About 3:00 AM, I wrote to someone here on waking from a dream of waking-- into a death of darkness and dread A nuclear winter's night without the hope of light or heat again We fumbled to be in each other's arms beneath the quilt and blanket to weave our warmth for this last time trying to comfort Waiting for that moment of knowing by the silence... of the other’s breath who would truly be
alone and the last…. _
In the dream, something had gone terribly wrong worldwide, with origins of the problem out-of-sight on the moon? Dreams do not make the best of sense, but I’ve had variations of this one multiple times. Nuclear winter is the hypothesis that suggests the sun could be totally obscured for years by the ash of global nuclear war or debris from a massive volcanic eruption. It could also be caused by an asteroid striking the earth. Those on the coast would be wiped out first. Those inland would experience the poem above.

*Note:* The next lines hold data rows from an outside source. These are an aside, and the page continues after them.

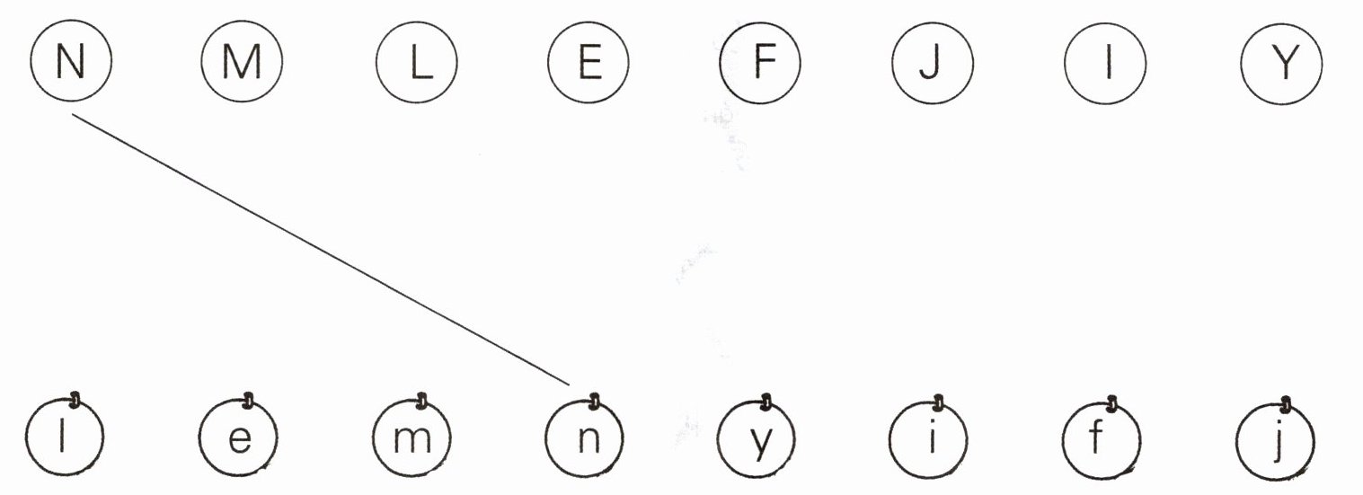 【解析】:题目要求将大写字母与对应的小写字母相连。已知“N”已与“n”相连作为示例,我们只需找出其他大写字母对应的小写字母即可。大写字母“M”对应小写“m”,“L”对应“l”,“E”对应“e”,“F”对应“f”,“J”对应“j”,“I”对应“i”,“Y”对应“y”。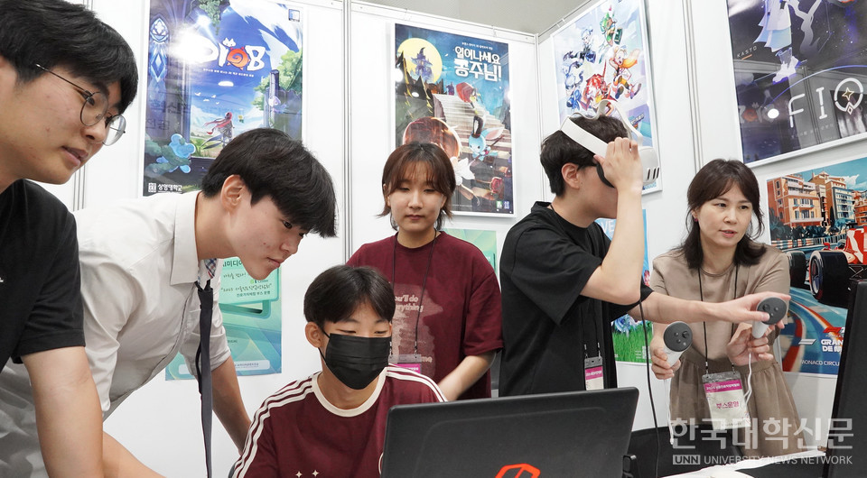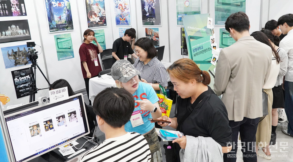 올해 기존 디지털콘텐츠학과에서 AI를 융합해 교육부 첨단학과로 지정된 상명대 AI미디어콘텐츠전공 부스의 교수와 재학생들이 고등학생들에게 재학생들이 제작한 VR 게임콘텐츠와 AI포토체험을 안내하고 있다.(맨 위, 두번째)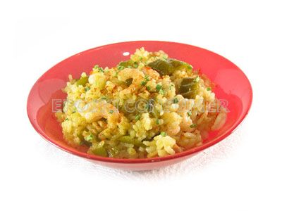 Arroz con pimientos verdes y gambas

Consciousness of being utterly alone is the most horrifying state my soul can conjure, and I believe we were not meant to ever be that way. We will always seek the other— the one whose image we bare. “For now we see in a glass darkly-- but then face to face…I will know even as I am known.” —James
On waking, shaken, I reached for my phone, knowing someone, somewhere is always awake here on HP. To the person who answered, thank you— though I know you did not really understand. Your living presence was a comfort. I stayed awake till the sky turned first-light gray.